Avons-nous précisé qu’une barre d’étourdissement se remplit à chaque coup porté, encore plus rapidement quand le coup touche en counter hit ? Et qu’une fois pleine, le personnage est dans les vapes et à la merci de son adversaire ?

Fini de bourrer

SF5 - 3 - Part 3

Pour en savoir plus sur les illustrateurs de jeu de combat, il y a ce podcast !

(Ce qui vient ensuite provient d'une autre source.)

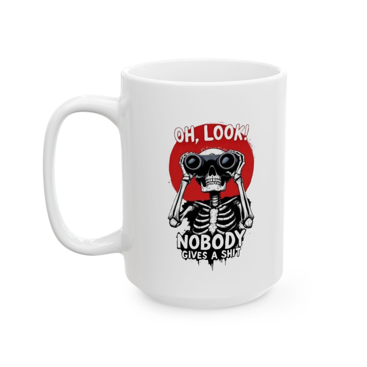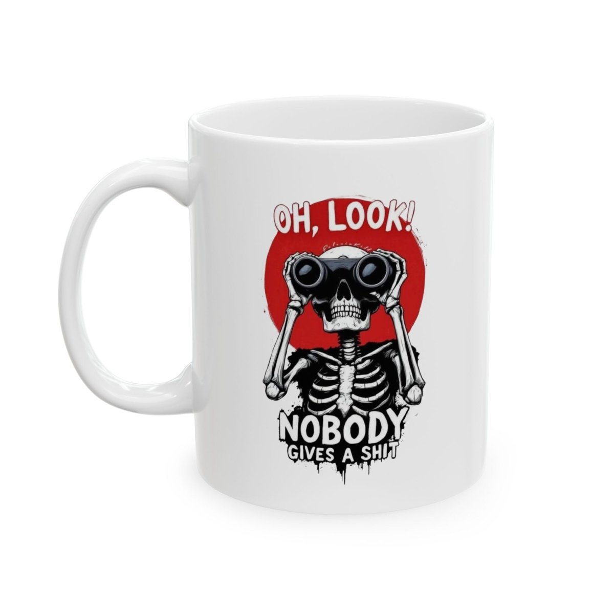 Start your day the sassy way with our "Oh Look, Nobody Gives a Sh*t" Skeleton Mug – perfect for those who like their coffee strong and their sarcasm stronger. Featuring a bold skeleton graphic with a vintage pop of red, this mug doesn't whisper attitude—it shouts it.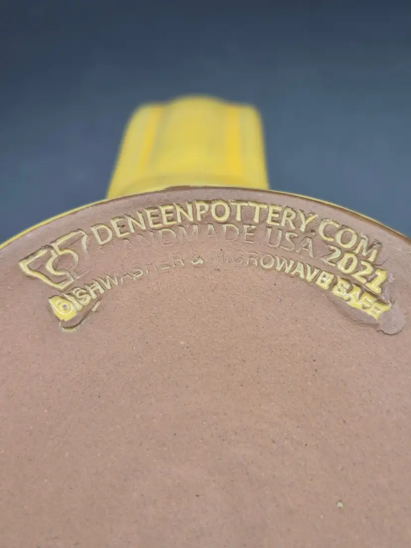 No visible chips, cracks, or stains. Bottom stamp reads "Deneen Pottery 2021 Handmade USA". 4.5 inches tall, 3.5 inches diameter at the opening.
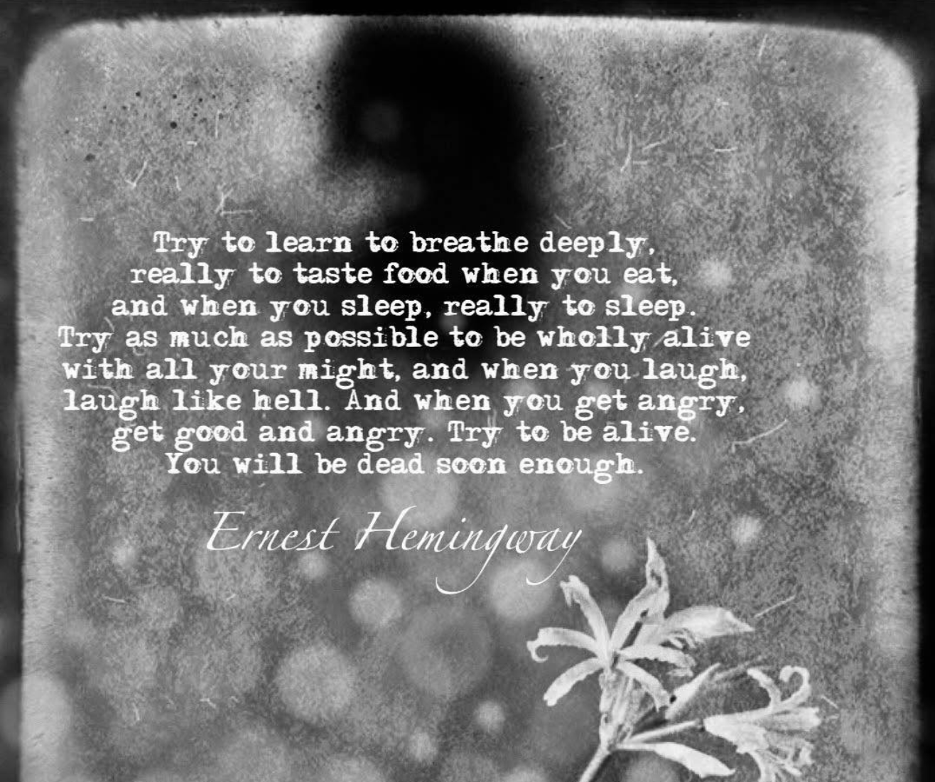Live a life as full as you can! It doesn’t matter if you are in a dingy little apartment or a grand estate, see the beauty in everything, make time to laugh, and if you’re going to be upset or angry then make sure you do it good and well. Experience all of you and that includes all emotions.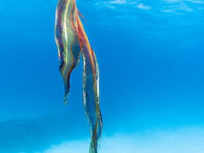 海洋生物学家在澳大利亚海岸Lady Elliot岛附近浮潜时拍摄到罕见毯子章鱼(蜘蛛网ee...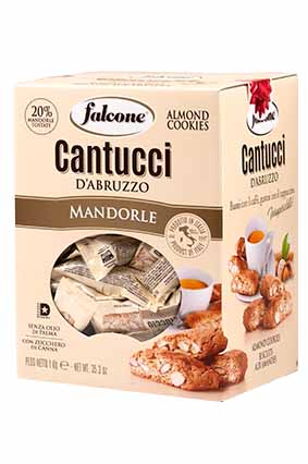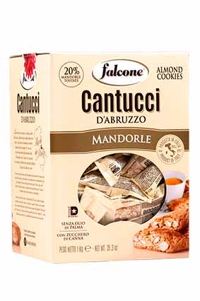 FALCONE Cantuccini 18% mandler Varenummer: 9494 Nettoindhold: 1000 g EAN: 8023696002235 Antal pr. kolli: 6 Æske kollistk Næringsindhold pr. 100g Energi 1932kJ / 459kcal Fedt 15,3g – Heraf mættet fedt 6,4g Kulhydrat 67,5g – Heraf sukkerarter 21,1g Protein 12,3g Salt 0,2g Ingredienser HVEDEmel, sukker, MANDLER 18%, (ÆG)æggehvider, rørsukker, bagepulver (natriumfosfat, natriumkarbonat), smør(MÆLK), honning, aromaer, salt. Nyd dem til en god kop kaffe. Eller gør som italienerne dyp den i Vino Santo. Ca. 125 stk i enkelt styks pakninger.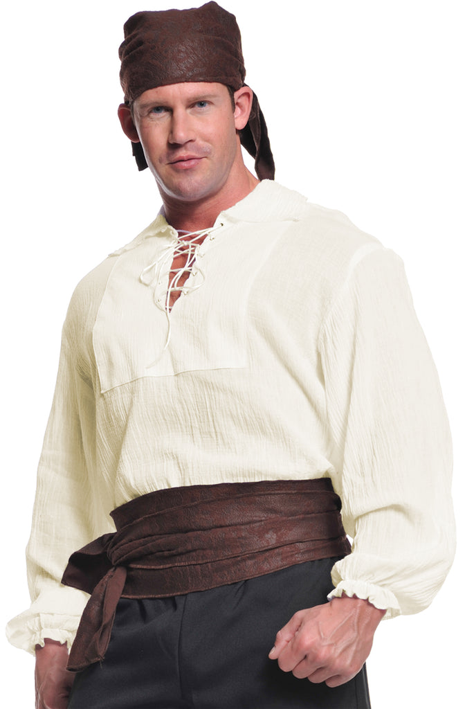Perfect for the plundering pirate! Cream long-sleeved shirt with a lace-up front and gathering at the wrists. Adult one size fits sizes 42-46. 100% POLYESTER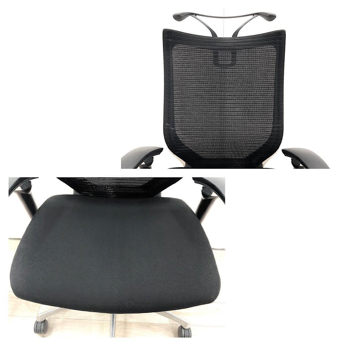 【座面クッション】スタンダードメッシュ ブラックフレーム アームレスト付き ヘッド付きオススメ(おすすめ) 大人気 ・Okamura/オカムラ ・Baron/バロン ※横浜本店撮影画像※
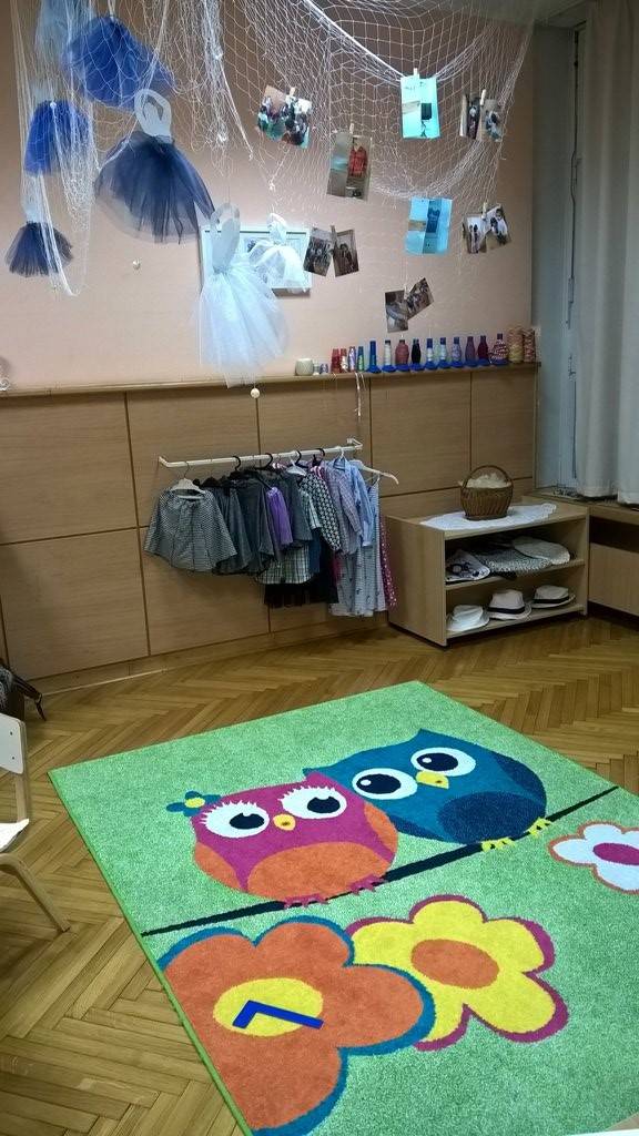 У сарадњи са родитељима, деца доносе од куће своје хаљине, кошуље, сукње, јер су показали велико интересовање за модом. И тако смо направили центар где се налази сва гардероба, где су деца могла самостално да узимају шта желе и облаче.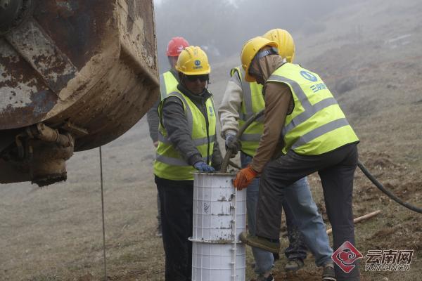在药山镇小坪子光伏项目施工现场,工人们正有条不紊地进行基柱浇筑,大家齐心协力将钢筋和灌装模具放置在打好的基孔中,浇灌车轰隆作响往基柱中加入混凝土,工人们用震动棒震动混凝土……现场一派热火朝天的施工景象。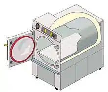 Cutaway illustration of a cylindrical-chamber autoclave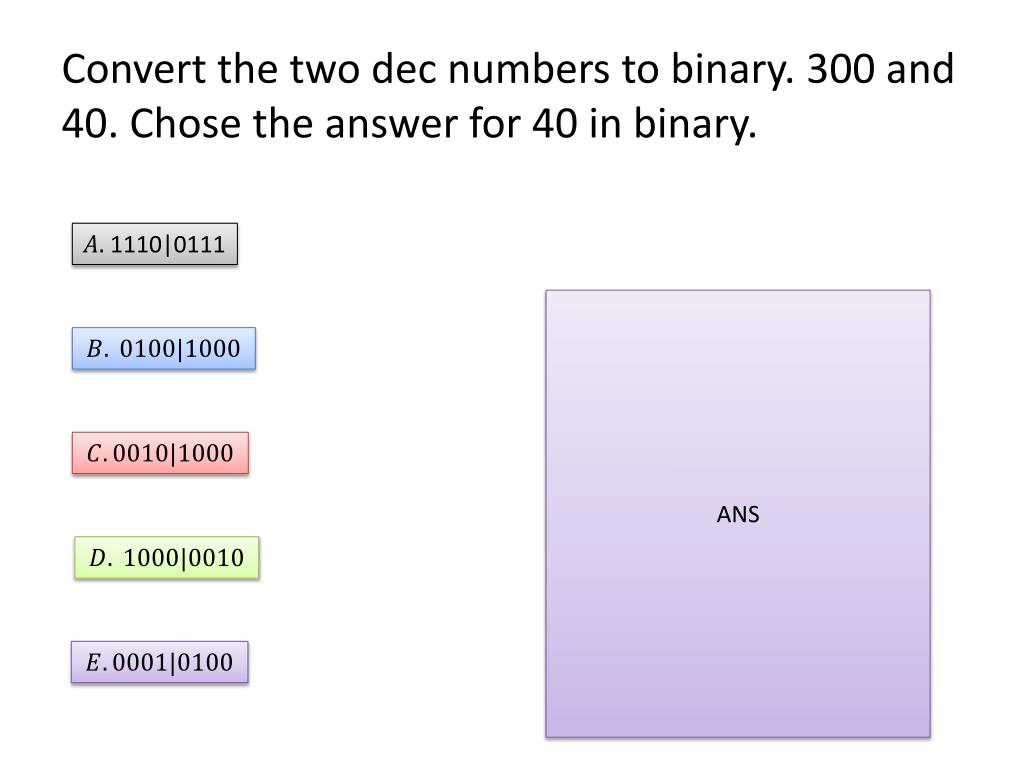 Convert the two dec numbers to binary. 300 and 40. Chose the answer for 40 in binary. 1110|0111 ANS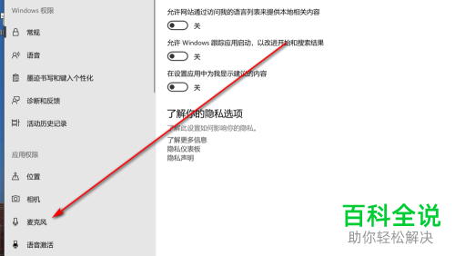 4. 第四步进入【隐私】页面后,根据下图箭头所指,点击左侧【麦克风】选项。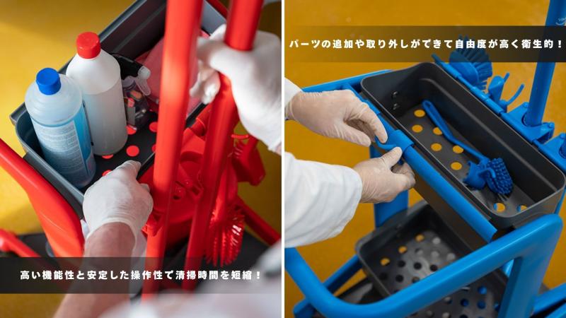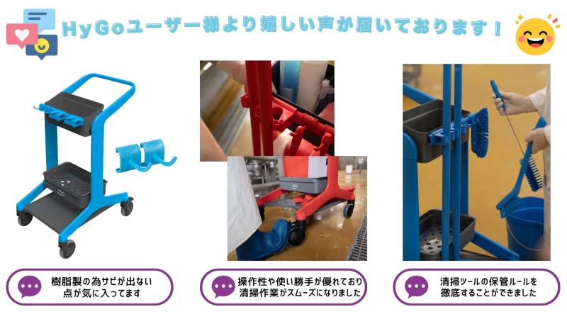 ・金属製の清掃ラックからHyGoに切替えました。樹脂製の為サビが出ない点がとても気に入っています。・操作性や使い勝手がとても優れており、清掃作業がスムーズに行うことが出来るようになりました。

Vous l’aurez compris, l’aspect offensif du jeu n’est que faussement affaibli. Une fois en garde le stress monte, le dilemme entre garder et frapper est omniprésent. Et comme nous l’avons dit plus haut, il n’y a plus d’options select pour choisir à notre place.

Capcom, qui ne souhaitait pas voir cette partie offensive monopolisée par une élite, a même changé le buffer du jeu pour que chaque coup entré le soit pendant 3 frames, facilitant de facto leur utilisation. Les combos et offensives dans la garde s’en trouvent donc facilités et il n’y a plus besoin de passer des heures en mode entrainement.

Ce plan de jeu peut cependant paraître répétitif et c’est le cas si on le compare à celui de Street Fighter 4, dont les options de relevée étaient extrêmement nombreuses. Pour tenter de pimenter un peu la donne, Capcom a donc choisi de modifier presque tous les personnages, leur allouant au passage le VTrigger, une mécanique personnalisée qui renforce leurs capacités ou compense leurs faiblesses de différentes manières.

En résulte un gameplay où la distance au sol joue un rôle primordial. Les mises à terres sont des occasions brèves de se rapprocher et de commencer une offensive sur la relevée adverse, mais sans l’excès permis par Street Fighter 4. Quant à l’attaque au corps à corps, comme expliqué plus haut, elle est très forte mais aussi très courte car le recul des coups est important.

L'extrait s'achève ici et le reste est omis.